During the Balkan wars, the village was occupied by Greek troops and remained in Greece after the Balkan Wars.

Borivoje Milojevic, a Serbian geographer, wrote in his book Južna Makedonija (1921) that Dobrolishta had 30 Slavic Christian houses and 40 Turkish houses.

The Greek census (1920) recorded 434 people in the village and in 1923 there were 198 inhabitants (or 140 families) who were Muslim. Following the Greek-Turkish population exchange, in 1926 within Dovrolitsa there were 39 refugee families from Pontus. The Greek census (1928) recorded 455 village inhabitants. There were 40 refugee families (139 people) in 1928.

In 1926, Dobrolishta is changed to Kalohorion which translates to good village.

During the Second World War, Kalochori was in the Italian occupation zone and a subdivision of the Central Macedonian-Bulgarian Committee was established in Kalochori, headed by the Dobrolitski family. The village suffered from the Italian detachments.

On May 4, 1945 Kalochori was pillaged by the Greek detachment of Andonios Amanatidis, many women and men are abused. 13 children from Kalochori, are moved out of the country by the communist authorities as refugees to the Eastern Bloc during the Greek Civil War. There are nine political killings in the village during the Greek Civil War.

The village of Tsartsista was eventually abandoned around the 1970's and its inhabitants were relocated to Kalochori.

Kalochori typically produces tobacco, wheat, and lentils in its surrounding fields.

Historical figures 

Spiro Mirkovski, (Spiros Mirkopoulos), (1929-1949), - member of the Democratic Army of Greece.

Vangel Mirkovski, (Evangelos Mirkopoulos), (1915 - 1949), - Communist, officer of ELAS, high ranking member of DAG

Lazar Poplazarov- commander of an armed detachment of ELAS, editor of "Slavyanomakedonski Glas" newspaper, district leader of the SNLF, and general directorate member of the NLF.

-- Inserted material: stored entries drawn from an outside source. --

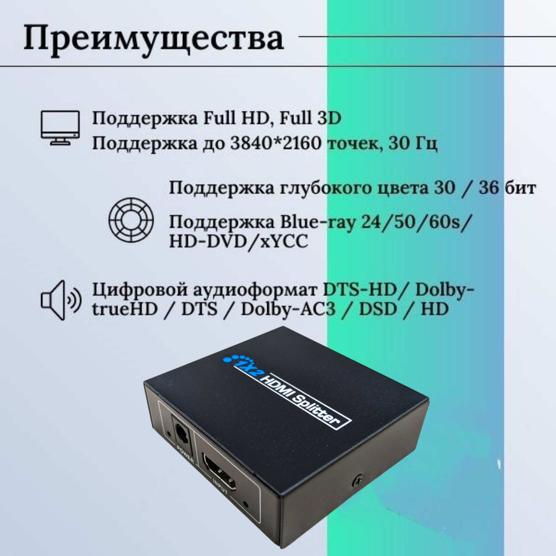 HDMI разветвитель с одного на 2 экрана на 2 монитора 1 вход HDMI - 2 выхода HDMI с обходом HDCP металлический интересное: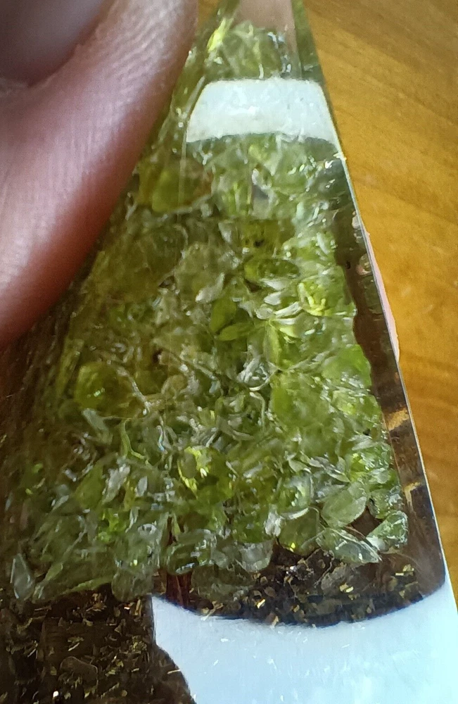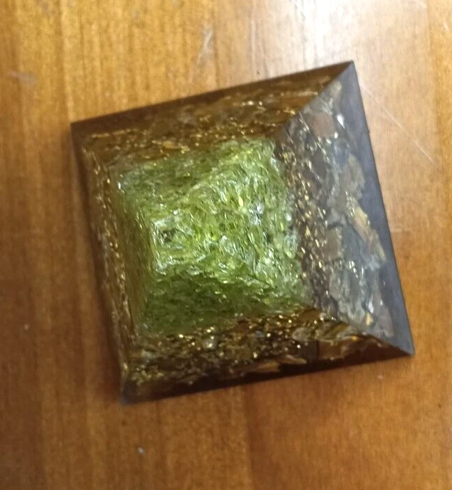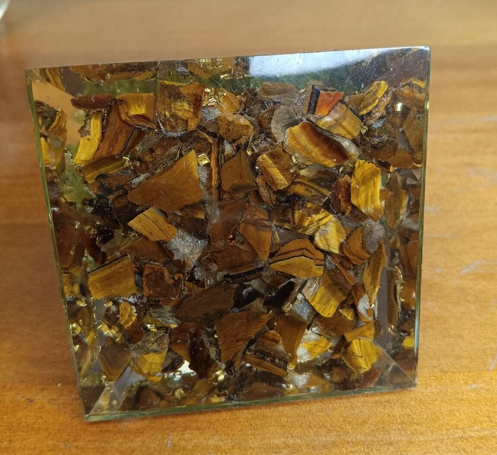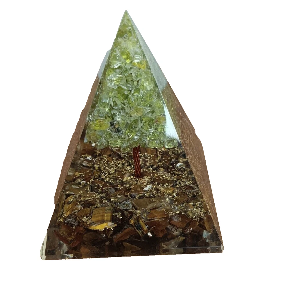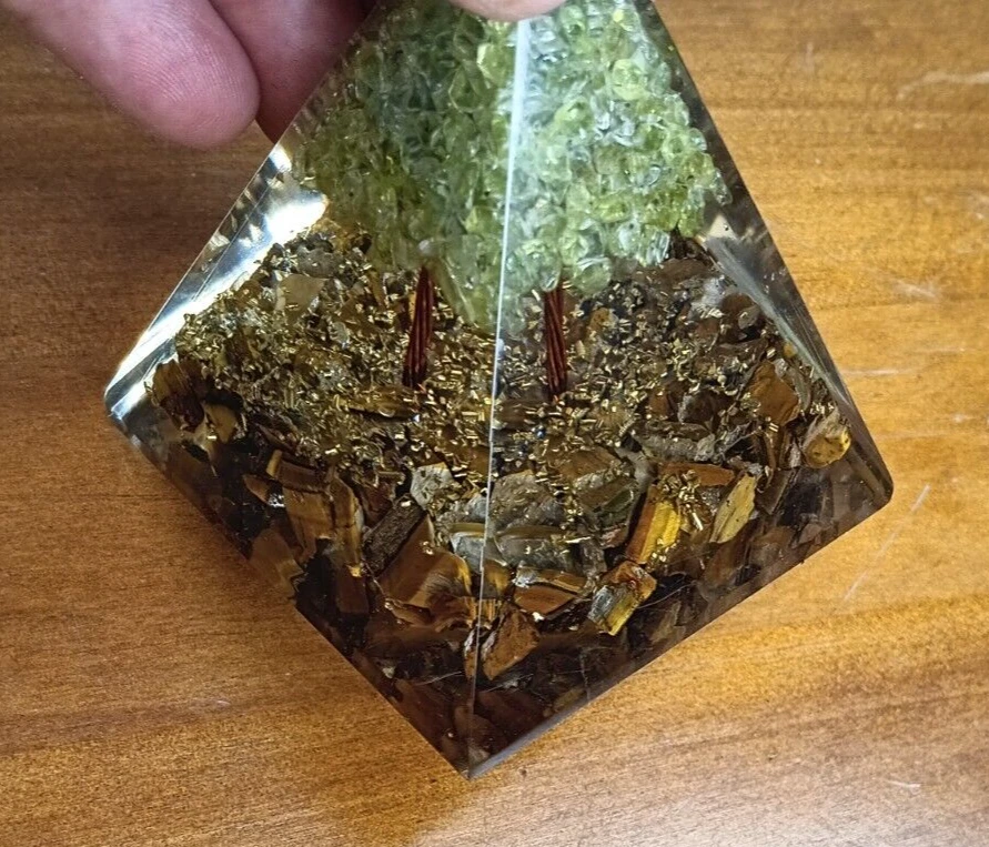 This beautiful resin paperweight figurine measures 3" in height, 2.5" in width at the base. It has tiger eye and Peridot with copper wire creating the tree trunk. Please see all photographs as they are part of the description. Shipped with USPS Ground Mail. F41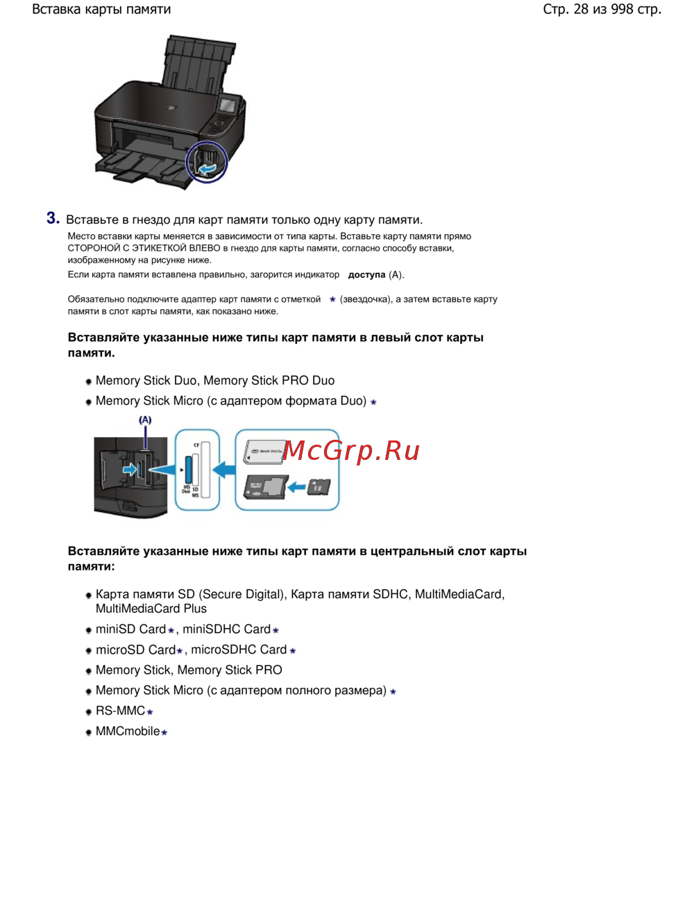 Canon Pixma MG5140 [28/998] Стр 28 из 998 стр вставка карты памяти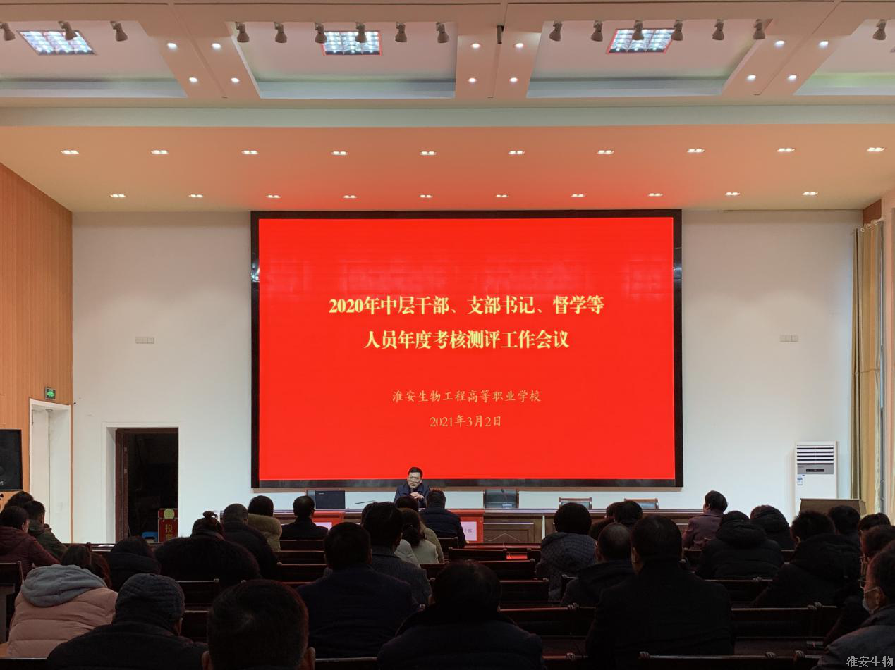 3月2日下午,我校举办中层干部、支部书记、督学等人员2020年年度考核测评工作会议。会议由校党委副书记石国安主持。校领导班子成员、全体中层干部、支部书记和督学参与测评考核。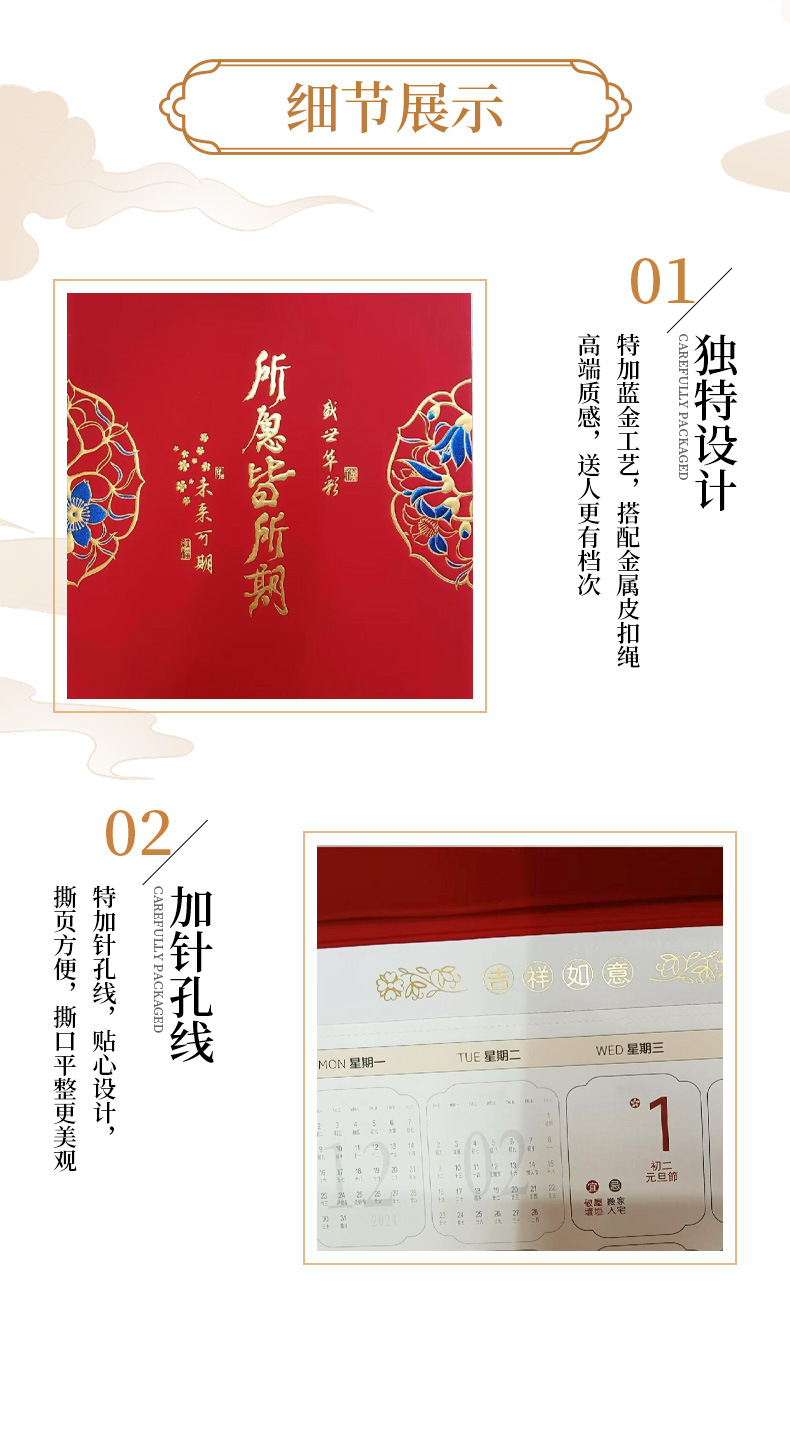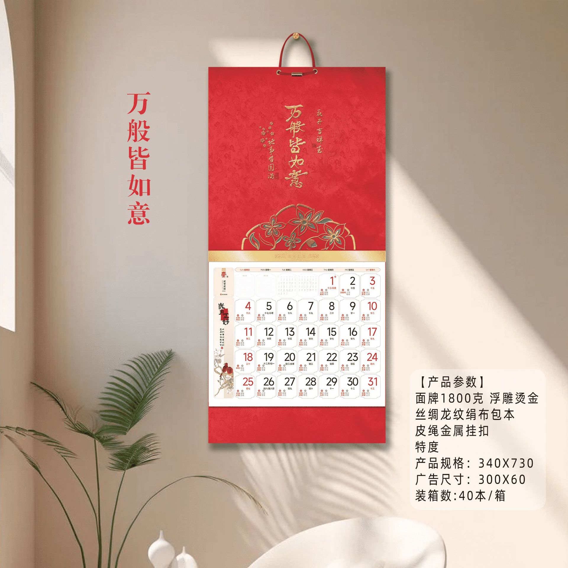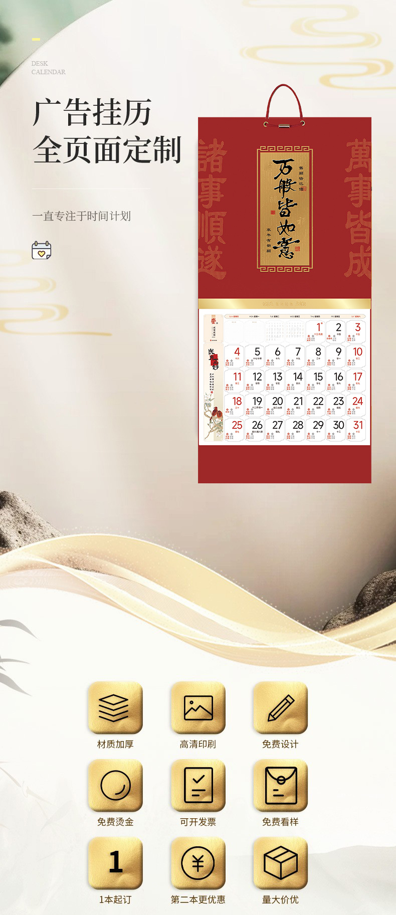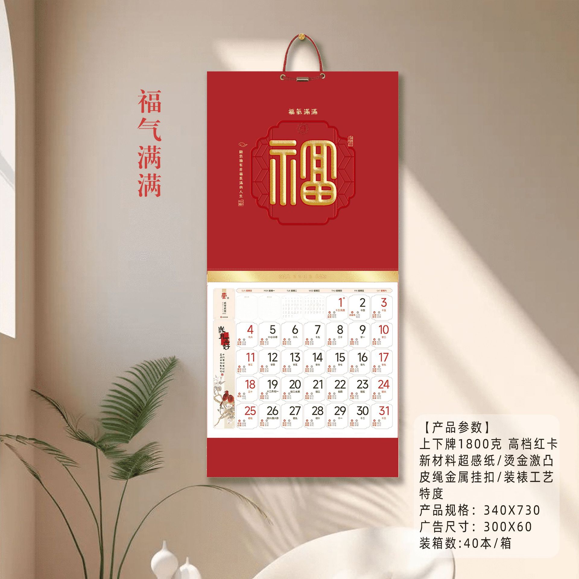 2025蛇年カレンダー福字新春掛け軸企業印刷国潮吊牌黄暦万年暦広告印刷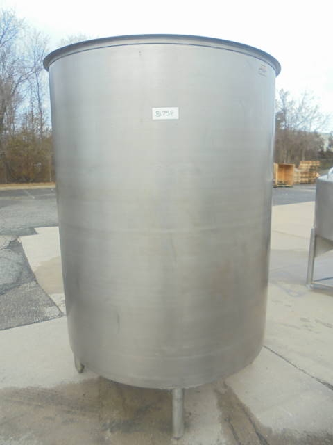 1-Used Groen 1,000 Gallon Stainless Steel Vertical Dished Bottom Tank, S/N 63006. Dimensions approx. 66 in. interior diameter X 85 in. deep. Tank has dished bottom with approx. 2 in. diameter center bottom outlet. On approx. 17 in. high legs. (Stock #8175F)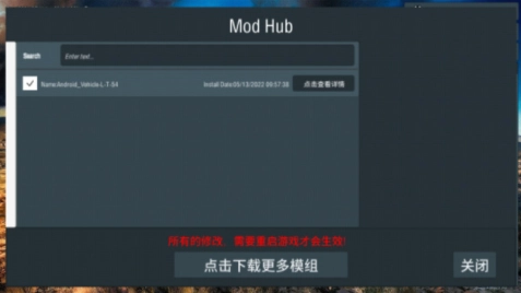 2、在游戏本地的mod模组文件后,我们需要重启一次游戏,才可在游戏中找到mod文件,如下图所示;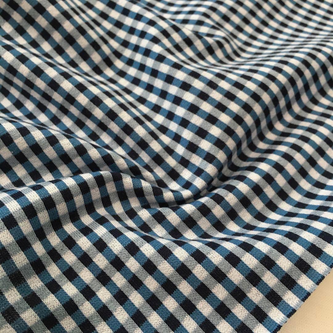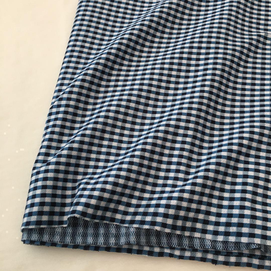 シンカー編み機で編み立てられており、凹凸感のないジャガードでギンガムを表現しております。シンカー編みは地が硬くなる場合がありますが、こちらはふわりと軽量で適度な伸縮性も兼ね備えた良い風合いの1枚です。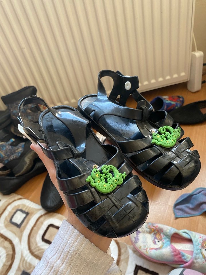 yeşil yılan desenli çocuk sandalet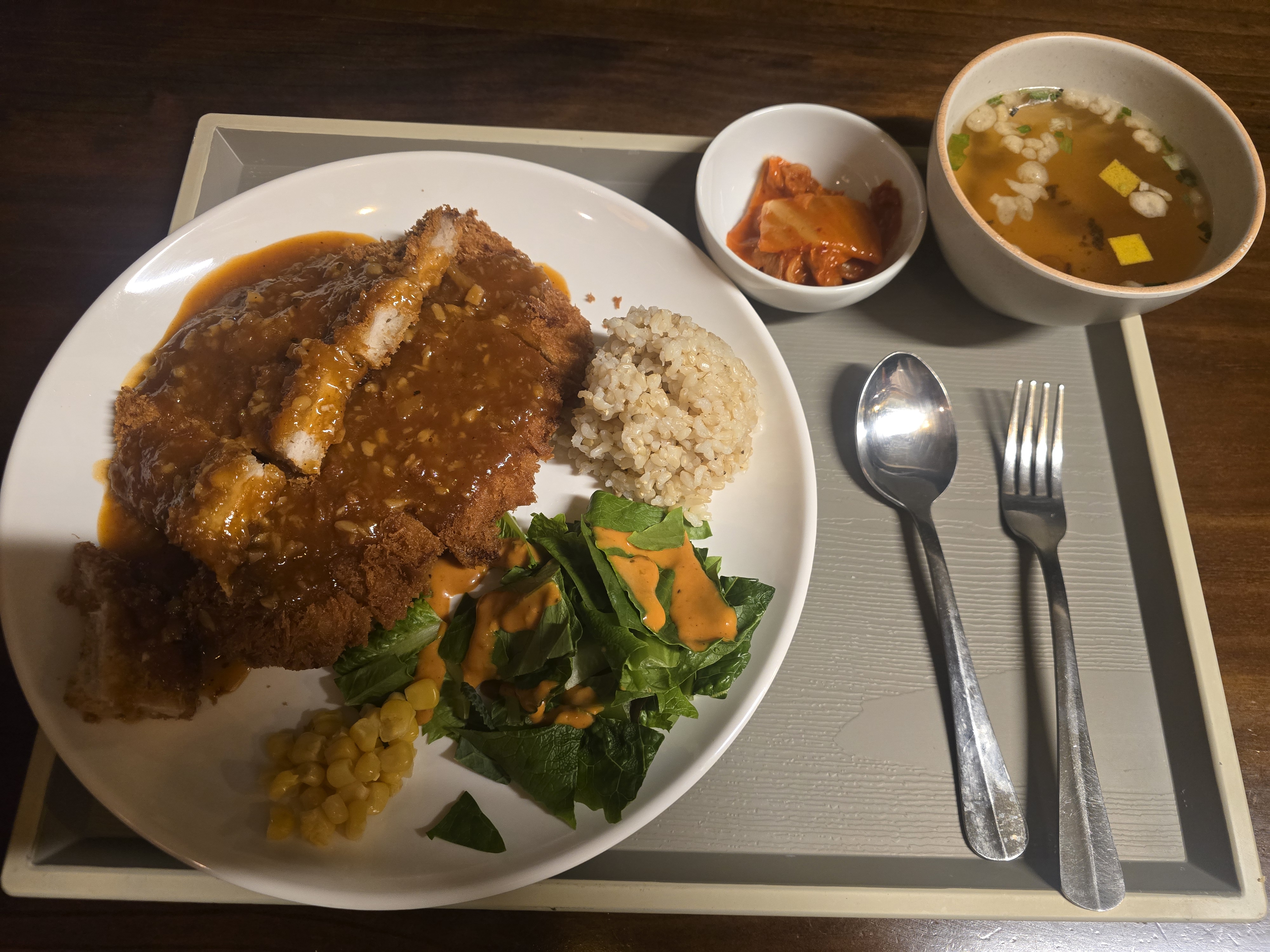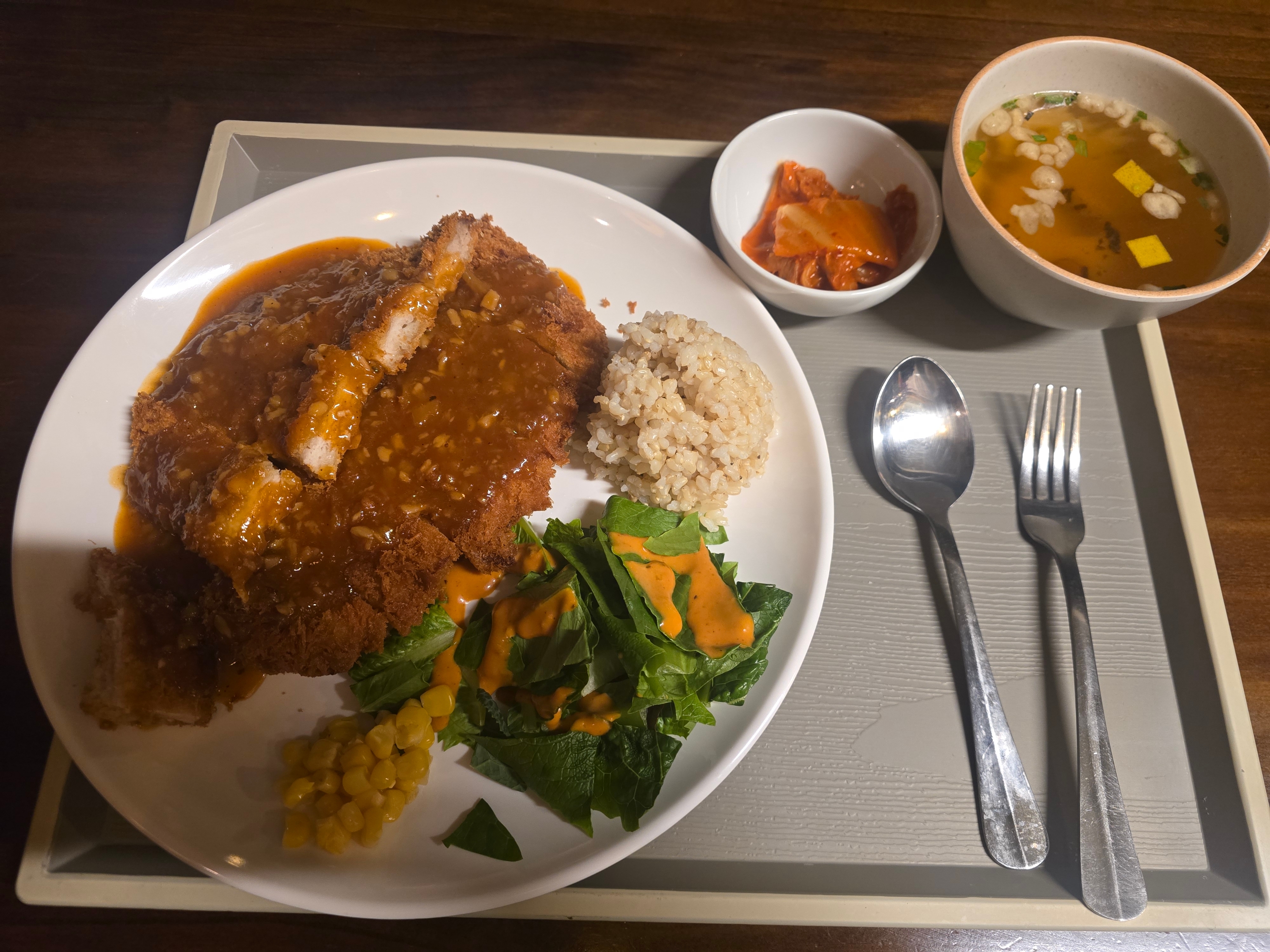 여기에 곁들여진 신선한 샐러드와 톡톡 터지는 옥수수 콘, 그리고 흰쌀밥이 아닌 흑미밥이 제공되어 건강함까지 챙겼다. 따뜻한 국물과 아삭한 김치는 자칫 느낄 할 수 있는 맛을 깔끔하게 잡아준다.

Vasil Bruzho- a member of the IMRO

Vasil Hristovski, (Vasilis Xristopoulos), (1913- 8 August 1948) - partisan, member of SNLF and NLF

Zissos Deliovski, (Zisis Deliopoulos), (?- 1981) - Communist, and head of the Northeast Committee of Kastoria, died in 1981

Zissos Kalimanov, (Zisis Kallimanis), (? - 1943), - Communist, arrested in Akronavlia, released in June 1941, was killed by an Italian patrol in Pelekanos 

Ilia Tepov (1884 -?)- Macedonian-Odrin Opolechenitsa, Kosturska cheta.

Ilia Tolev (Tolyov) - Macedonian-Odrin Opolechenitsa, Kosturska cheta.

Petar Ivanov - Bulgarian revolutionary , member of the IMRO and Chetnik of Petar Xristov "Germancheto".

Mitre Kalimanov- Communist, brother of Pascal Kalimanov, during the Second World War leads a detachment of Ohrana, and then joins the SNLF

Nikola Dobrolitski (1876 - 30 October 1906)- IMRO revolutionary, grandfather of Yagnoula Kunovska 

Paskal Kalimanov, (Pasxalis Kalimanis), - one of the leaders of the Ohrana in the years of the Second World War, later joined SNLF and eventually emigrated to Skopje.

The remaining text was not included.